Dive Brief:
- The Hearing Industries Association argued FDA's marketing authorization of Bose's self-fitting hearing aid relied on a flawed Phase II clinical study design in a May letter obtained by MedTech Dive.
- The trade group, which is lobbying the government to limit the sound amplification of hearing aids intended for patients with mild to moderate hearing loss without assistance from a licensed audiologist, argues the standards FDA's decision relied on could "adversely impact safety and effectiveness and would jeopardize the hearing health of consumers."
- Bose has not introduced the product to the market yet, but a company spokesperson told MedTech Dive the FDA decision to grant marketing authorization to the device "speaks for itself."
Dive Insight:
FDA granted Bose's self-fit hearing aid a De Novo in 2018 based on clinical studies of 125 patients examining if the outcomes of self-fitting the device were comparable to professional fitting. The device is indicated direct-to-consumer sale to those over 18 without the assistance of an audiologist.
HIA's letter to Srinivas Nandkumar, the branch chief of FDA's Division of Ophthalmic and Ear, Nose, and Throat Devices, argues the Phase II clinical study "does not provide enough evidence of effectiveness of the self-fitting method given the study's initial reliance on professionals for fitting."
According to FDA's decision summary, the two-arm study of 75 patients had three clinic visits alongside several weeks of use in the real world. During the first two visits, patients were fit professionally by audiologists before being assigned to a one-month field trial in a professional fit group or self-fit group.
During the third visit, patients were accessed using speech-in-noise tests and questionnaires about the benefit of the devices.

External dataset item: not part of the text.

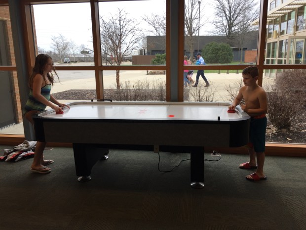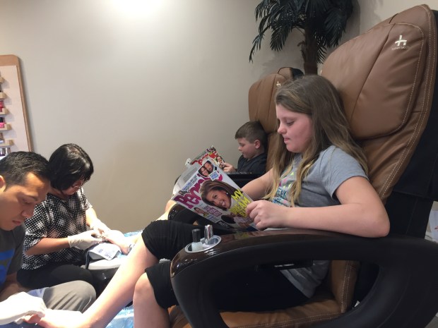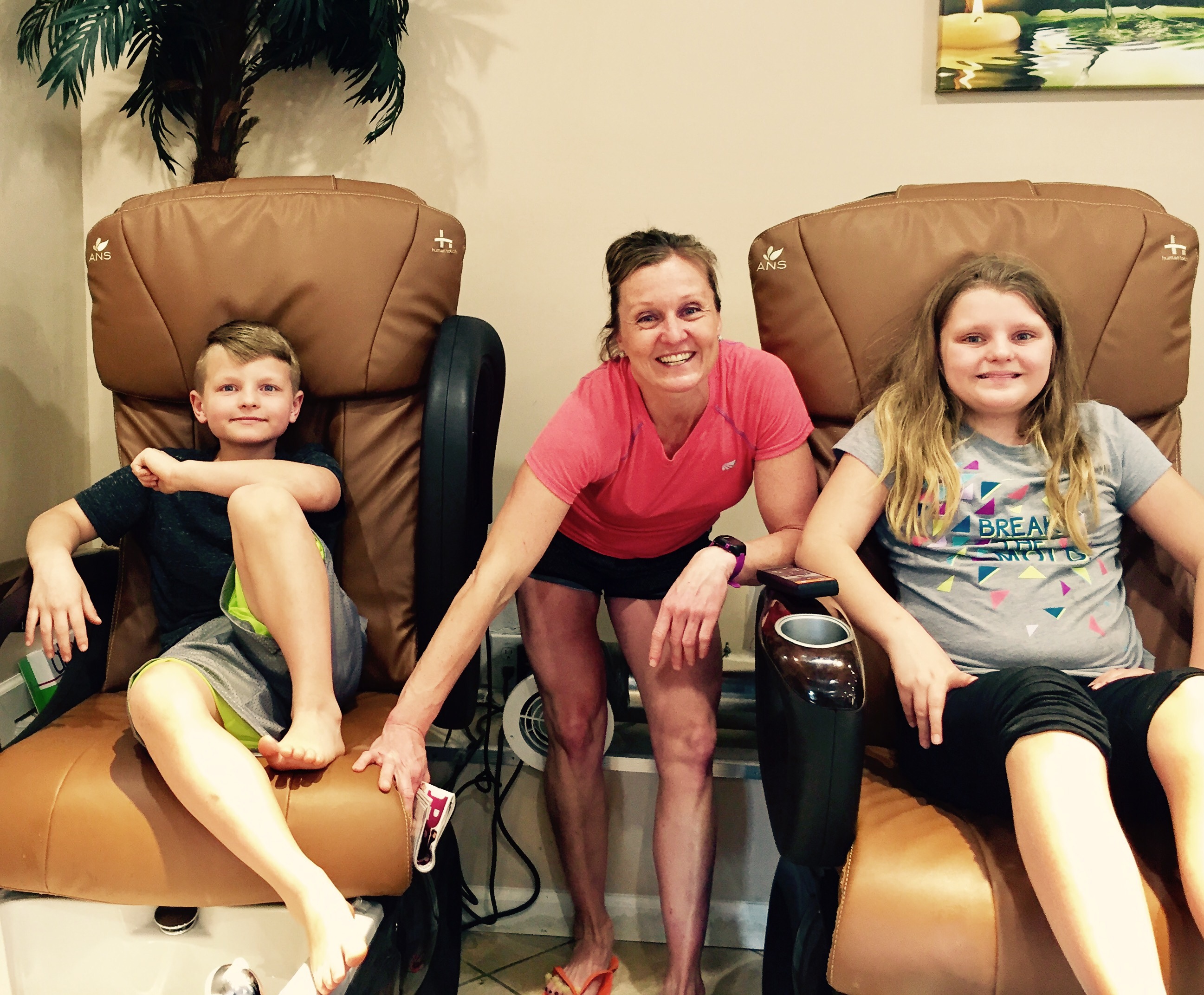 Mario called it quits for trying to put Elena to bed. However, Maria stood strong and succeeded in putting her to sleep a second night in a row. Rock star. The kids played Gin Rummy while I gave Sarah a massage. The next morning, it poured rain. I tried my hardest to get us to walk to Starbucks but I could not convince the kids. Once we started driving there, I was glad that they won. Rain was coming down in buckets. We sat in Starbucks and ate blueberry muffins and oatmeal.

"This does not reflect the actual real-world experience," HIA's letter states. "As such, HIA has concerns the data the study relies upon may not accurately reflect the ability of treatment-naive hearing patients to adequately 'self-fit' without the assistance of a licensed hearing professional."
Bose declined to elaborate on the specific concerns raised by HIA, pointing to FDA's determination the device is safe and effective.
"Our submission to the FDA for the De Novo grant, which we received last fall, speaks for itself," Bose spokesperson Joanne Berthiaume told MedTech Dive.
FDA declined to comment on the specific HIA letter but noted the De Novo pathway is intended to provide a path to market for medical devices when general and/or special controls can provide a reasonable assurance of safety and effectiveness.
"The Bose company submitted, and FDA granted, a request for De Novo classification," an FDA spokesperson told MedTech Dive in an email. "These decisions are based on a benefit vs risk decision making that is outlined in our publicly available decision summary."
HIA declined an interview with MedTech Dive, but its letter makes it clear it is attempting to influence over-the-counter hearing aid regulations under development.
HIA spent $30,000 during the second quarter lobbying Congress over the regulation of hearing aids and over-the-counter hearing aid devices. Brandon Sawalich, the chairman of the trade group's board of directors, is also the president of Starkey Hearing Technologies, a hearing aid firm that also heavily lobbies the government to protect its bottom line.
The FDA Reauthorization Act of 2017 mandates the agency establish a category of over-the-counter hearing aids by August 2020. The agency plans to issue a proposed rule in November that is intended "to promote the availability of additional kinds of devices that address age-related hearing loss," according to FDA's spring regulatory plan.